## Work item
Your output should be the lines of the data that follow, reproduced exactly from the first through the line bearing "Mule pour femmes".

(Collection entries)

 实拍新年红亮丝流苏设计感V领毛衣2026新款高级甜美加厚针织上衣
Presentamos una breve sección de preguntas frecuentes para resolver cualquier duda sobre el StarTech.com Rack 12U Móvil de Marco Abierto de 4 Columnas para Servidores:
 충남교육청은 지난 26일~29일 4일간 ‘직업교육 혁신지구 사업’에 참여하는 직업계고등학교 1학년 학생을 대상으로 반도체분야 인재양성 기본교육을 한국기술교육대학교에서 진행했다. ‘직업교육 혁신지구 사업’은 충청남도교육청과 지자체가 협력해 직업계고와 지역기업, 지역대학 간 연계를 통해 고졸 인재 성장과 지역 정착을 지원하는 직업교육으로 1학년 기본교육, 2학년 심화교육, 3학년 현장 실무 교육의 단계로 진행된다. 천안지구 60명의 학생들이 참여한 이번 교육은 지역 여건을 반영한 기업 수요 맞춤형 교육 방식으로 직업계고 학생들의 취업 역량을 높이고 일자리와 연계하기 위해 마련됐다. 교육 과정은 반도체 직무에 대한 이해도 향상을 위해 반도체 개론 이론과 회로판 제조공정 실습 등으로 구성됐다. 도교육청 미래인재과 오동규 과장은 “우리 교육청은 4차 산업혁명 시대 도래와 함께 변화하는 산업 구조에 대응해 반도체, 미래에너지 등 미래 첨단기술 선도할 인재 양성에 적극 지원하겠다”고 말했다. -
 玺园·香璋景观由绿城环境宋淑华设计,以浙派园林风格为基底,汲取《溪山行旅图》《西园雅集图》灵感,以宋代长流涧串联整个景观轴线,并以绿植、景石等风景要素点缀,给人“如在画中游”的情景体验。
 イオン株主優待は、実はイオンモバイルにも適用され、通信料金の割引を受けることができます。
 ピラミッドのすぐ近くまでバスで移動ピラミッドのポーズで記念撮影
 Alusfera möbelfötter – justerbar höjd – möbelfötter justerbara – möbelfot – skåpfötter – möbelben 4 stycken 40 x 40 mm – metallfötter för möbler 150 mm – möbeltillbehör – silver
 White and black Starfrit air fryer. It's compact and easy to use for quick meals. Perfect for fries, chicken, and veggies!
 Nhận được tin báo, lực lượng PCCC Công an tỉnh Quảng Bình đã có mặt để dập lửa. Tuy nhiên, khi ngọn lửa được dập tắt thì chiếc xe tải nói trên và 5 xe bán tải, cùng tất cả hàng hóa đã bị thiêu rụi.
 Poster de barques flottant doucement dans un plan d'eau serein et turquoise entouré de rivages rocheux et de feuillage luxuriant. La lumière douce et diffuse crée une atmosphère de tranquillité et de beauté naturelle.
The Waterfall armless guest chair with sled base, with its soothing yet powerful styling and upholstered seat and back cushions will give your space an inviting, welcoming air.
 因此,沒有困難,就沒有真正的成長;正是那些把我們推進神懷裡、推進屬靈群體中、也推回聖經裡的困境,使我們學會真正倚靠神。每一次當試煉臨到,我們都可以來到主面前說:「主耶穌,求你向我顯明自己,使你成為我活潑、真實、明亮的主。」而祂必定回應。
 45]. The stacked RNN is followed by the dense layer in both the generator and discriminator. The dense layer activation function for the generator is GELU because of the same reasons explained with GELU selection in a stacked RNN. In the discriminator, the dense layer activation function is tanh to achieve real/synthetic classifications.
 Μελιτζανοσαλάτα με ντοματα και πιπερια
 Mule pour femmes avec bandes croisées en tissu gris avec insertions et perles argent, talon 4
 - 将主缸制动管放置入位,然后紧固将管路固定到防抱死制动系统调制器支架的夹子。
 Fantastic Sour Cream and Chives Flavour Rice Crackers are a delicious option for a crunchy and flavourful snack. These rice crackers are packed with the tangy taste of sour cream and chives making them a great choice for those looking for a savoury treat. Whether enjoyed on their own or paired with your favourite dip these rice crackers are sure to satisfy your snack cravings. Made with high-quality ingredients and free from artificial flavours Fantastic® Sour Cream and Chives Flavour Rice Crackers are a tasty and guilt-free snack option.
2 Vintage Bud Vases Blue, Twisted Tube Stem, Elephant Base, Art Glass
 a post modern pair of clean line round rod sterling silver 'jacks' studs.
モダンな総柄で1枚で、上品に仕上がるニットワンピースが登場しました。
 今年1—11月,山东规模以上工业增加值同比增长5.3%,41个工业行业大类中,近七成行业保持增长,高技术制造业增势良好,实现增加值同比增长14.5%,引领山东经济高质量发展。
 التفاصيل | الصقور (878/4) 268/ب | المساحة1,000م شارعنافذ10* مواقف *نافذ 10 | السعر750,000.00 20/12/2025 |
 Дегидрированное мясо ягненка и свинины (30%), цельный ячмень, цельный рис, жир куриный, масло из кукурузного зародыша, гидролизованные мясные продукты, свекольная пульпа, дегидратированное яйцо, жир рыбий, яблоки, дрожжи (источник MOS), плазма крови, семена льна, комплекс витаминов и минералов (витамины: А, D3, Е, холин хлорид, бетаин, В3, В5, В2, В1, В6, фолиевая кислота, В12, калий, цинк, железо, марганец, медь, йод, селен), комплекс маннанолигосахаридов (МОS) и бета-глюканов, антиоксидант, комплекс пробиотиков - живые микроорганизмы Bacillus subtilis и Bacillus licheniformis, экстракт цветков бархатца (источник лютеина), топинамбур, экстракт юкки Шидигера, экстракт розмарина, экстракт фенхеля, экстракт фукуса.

## Response to the task
 实拍新年红亮丝流苏设计感V领毛衣2026新款高级甜美加厚针织上衣
Presentamos una breve sección de preguntas frecuentes para resolver cualquier duda sobre el StarTech.com Rack 12U Móvil de Marco Abierto de 4 Columnas para Servidores:
 충남교육청은 지난 26일~29일 4일간 ‘직업교육 혁신지구 사업’에 참여하는 직업계고등학교 1학년 학생을 대상으로 반도체분야 인재양성 기본교육을 한국기술교육대학교에서 진행했다. ‘직업교육 혁신지구 사업’은 충청남도교육청과 지자체가 협력해 직업계고와 지역기업, 지역대학 간 연계를 통해 고졸 인재 성장과 지역 정착을 지원하는 직업교육으로 1학년 기본교육, 2학년 심화교육, 3학년 현장 실무 교육의 단계로 진행된다. 천안지구 60명의 학생들이 참여한 이번 교육은 지역 여건을 반영한 기업 수요 맞춤형 교육 방식으로 직업계고 학생들의 취업 역량을 높이고 일자리와 연계하기 위해 마련됐다. 교육 과정은 반도체 직무에 대한 이해도 향상을 위해 반도체 개론 이론과 회로판 제조공정 실습 등으로 구성됐다. 도교육청 미래인재과 오동규 과장은 “우리 교육청은 4차 산업혁명 시대 도래와 함께 변화하는 산업 구조에 대응해 반도체, 미래에너지 등 미래 첨단기술 선도할 인재 양성에 적극 지원하겠다”고 말했다. -
 玺园·香璋景观由绿城环境宋淑华设计,以浙派园林风格为基底,汲取《溪山行旅图》《西园雅集图》灵感,以宋代长流涧串联整个景观轴线,并以绿植、景石等风景要素点缀,给人“如在画中游”的情景体验。
 イオン株主優待は、実はイオンモバイルにも適用され、通信料金の割引を受けることができます。
 ピラミッドのすぐ近くまでバスで移動ピラミッドのポーズで記念撮影
 Alusfera möbelfötter – justerbar höjd – möbelfötter justerbara – möbelfot – skåpfötter – möbelben 4 stycken 40 x 40 mm – metallfötter för möbler 150 mm – möbeltillbehör – silver
 White and black Starfrit air fryer. It's compact and easy to use for quick meals. Perfect for fries, chicken, and veggies!
 Nhận được tin báo, lực lượng PCCC Công an tỉnh Quảng Bình đã có mặt để dập lửa. Tuy nhiên, khi ngọn lửa được dập tắt thì chiếc xe tải nói trên và 5 xe bán tải, cùng tất cả hàng hóa đã bị thiêu rụi.
 Poster de barques flottant doucement dans un plan d'eau serein et turquoise entouré de rivages rocheux et de feuillage luxuriant. La lumière douce et diffuse crée une atmosphère de tranquillité et de beauté naturelle.
The Waterfall armless guest chair with sled base, with its soothing yet powerful styling and upholstered seat and back cushions will give your space an inviting, welcoming air.
 因此,沒有困難,就沒有真正的成長;正是那些把我們推進神懷裡、推進屬靈群體中、也推回聖經裡的困境,使我們學會真正倚靠神。每一次當試煉臨到,我們都可以來到主面前說:「主耶穌,求你向我顯明自己,使你成為我活潑、真實、明亮的主。」而祂必定回應。
 45]. The stacked RNN is followed by the dense layer in both the generator and discriminator. The dense layer activation function for the generator is GELU because of the same reasons explained with GELU selection in a stacked RNN. In the discriminator, the dense layer activation function is tanh to achieve real/synthetic classifications.
 Μελιτζανοσαλάτα με ντοματα και πιπερια
 Mule pour femmes avec bandes croisées en tissu gris avec insertions et perles argent, talon 4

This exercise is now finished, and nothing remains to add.